With this in mind, “pairing” enters the optionspace. After all, if the assignment that you are worried about — the assignment that is open to AI misuse — is part of a whole that itself disincentivizes AI misuse, then that may disincentivize students from misusing AI in completing it.
The key thing is to link the assignment you are worried about with another assignment that cannot be completed with AI or which, more generally, students will complete honestly and earnestly. Crucially, the link should be a motivational one. You want to pair the two assignments in such a way that students must complete the AI-susceptible assignment honestly and earnestly in order to succeed at the AI-immune assignment (or the assignment which is completed in an AI-free zone).
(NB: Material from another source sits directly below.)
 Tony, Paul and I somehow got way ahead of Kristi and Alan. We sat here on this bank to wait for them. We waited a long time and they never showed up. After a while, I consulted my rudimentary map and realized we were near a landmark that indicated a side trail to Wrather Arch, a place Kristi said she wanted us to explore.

A more specific example of pairing is as follows (this is the oral one I promised above):
In my Philosophy classes, students often need to write take-home essays on specific philosophical topics or figures. But undergraduate Philosophy essays like these are especially vulnerable to AI misuse. Although I do various things to try to make them more AI-immune, I also pair one of them per semester with an oral exam. Rather than give my students written feedback on the paired essays, I meet with them one-on-one in a tutorial setting (on Zoom or, ideally, in person) to give them oral feedback on their papers, and then we transition into an oral assessment of the positions they developed and defended in their essays. They get an independent grade on the take-home essays, but they are also graded on their performance in the oral exam. If they blow off the essay or cheat on it (with AI or otherwise), they perform much poorer on the oral examination, which is weighted high enough that this disincentivizes such poor performances before they occur.
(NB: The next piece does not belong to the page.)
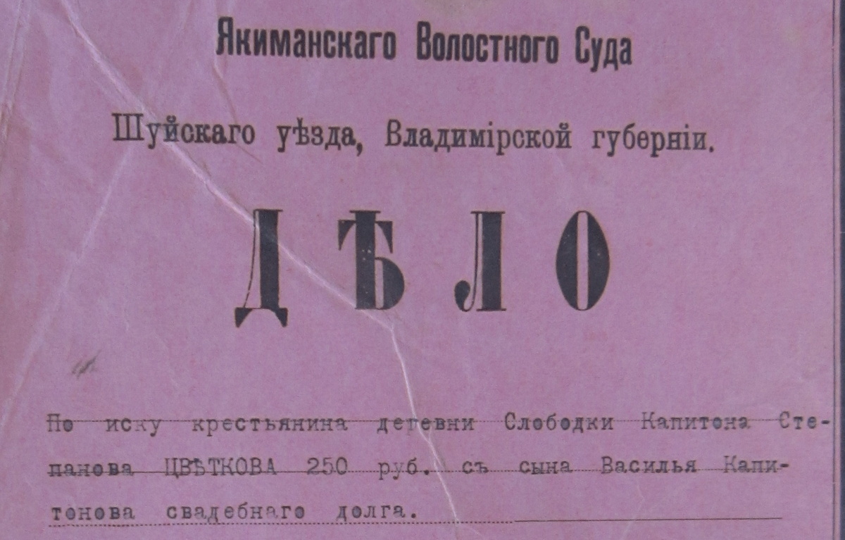 1 января 1914 г. крестьянин д. Слободки Якиманской волости К.С. Цветков жаловался на своего сына Василия Капитоновича, на свадьбу которого истратил 250 руб. В числе заимодавцев Цветков называл 6 лиц, у которых он занял от 10 до 60 руб. Сын же покинул семью, не заплатив эти деньги. Впрочем, стороны помирились и к разбору дела в суд 23 февраля не явились.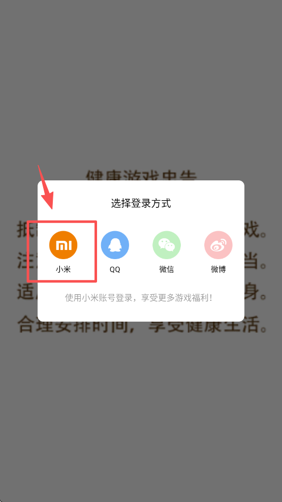 1、登录游戏账号。选择小米、QQ、微信或微博登录,进入游戏。

To address an objection: no, I do not end up spending much more time grading because the time I would have spent writing feedback on their essays is dedicated to scheduling and running the oral exams (wherein I give them feedback on their essays). Sure, they get less detailed feedback on their writing, but other assignments can fill that role. (And the scheduling is handled via Calendly.)
5 - 😴 Do Nothing
The second to last option to consider is this:
Do not try to discourage and prevent AI misuse.
This may sound silly, but all of us will do it to some degree. It is not as if all of our decisions as professors will be or should be guided by an attempt to discourage and prevent AI misuse. We will and should often make our assignments more vulnerable to AI misuse in order to make them more pedagogically appropriate for students who are not trying to be dishonest. We will and should often not dedicate our efforts to being “prison guards” or “police” — punitive watchkeepers of the ivory tower. And that’s fine.
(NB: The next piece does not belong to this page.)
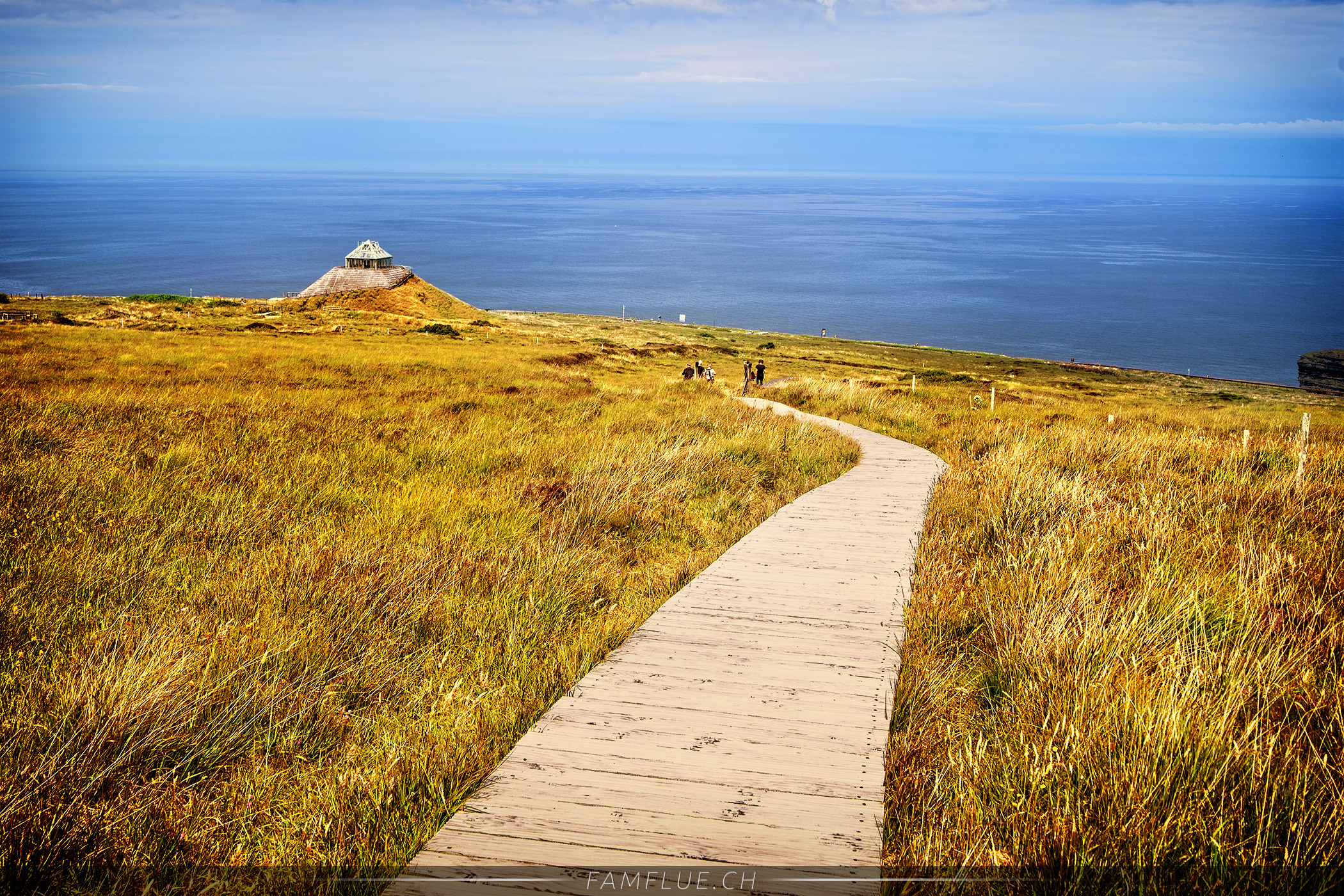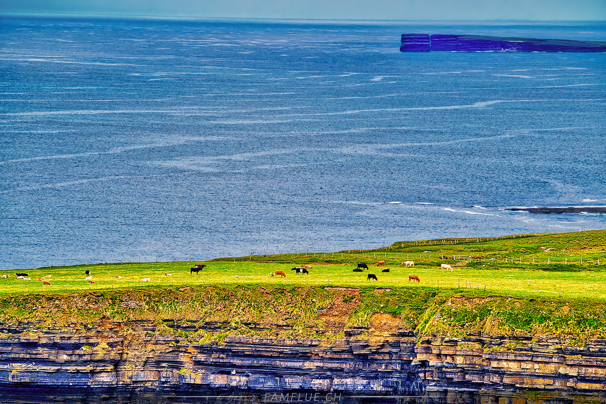 Dieses Bild ist ausserhalb der "Céide Fields" auf der anderen Strassenseite entstanden. Im Vordergrund sind weidende Kühe direkt an der steil abfallenden Küste zu sehen. Im Hintergrund sieht man den "Downpatrick Head"

6 - ➕ Some Combination of the Above
I have presented the above options as distinct paths that a professor can take. However, the best strategy is likely a combination of these options.
We should work to motivate our students to do the right thing, as well as value the subject matter and their mastery of it for its own sake and their sake.
We should require students to perform some assignments in AI free zones.
We should explore using oral exams and other in-class methods of assessment.
We should try to AI-immunize our take-home assignments or pair them with others — especially if there is no loss to pedagogical appropriateness or impact.
And we should, at some point in the course development process, rest content with having done enough.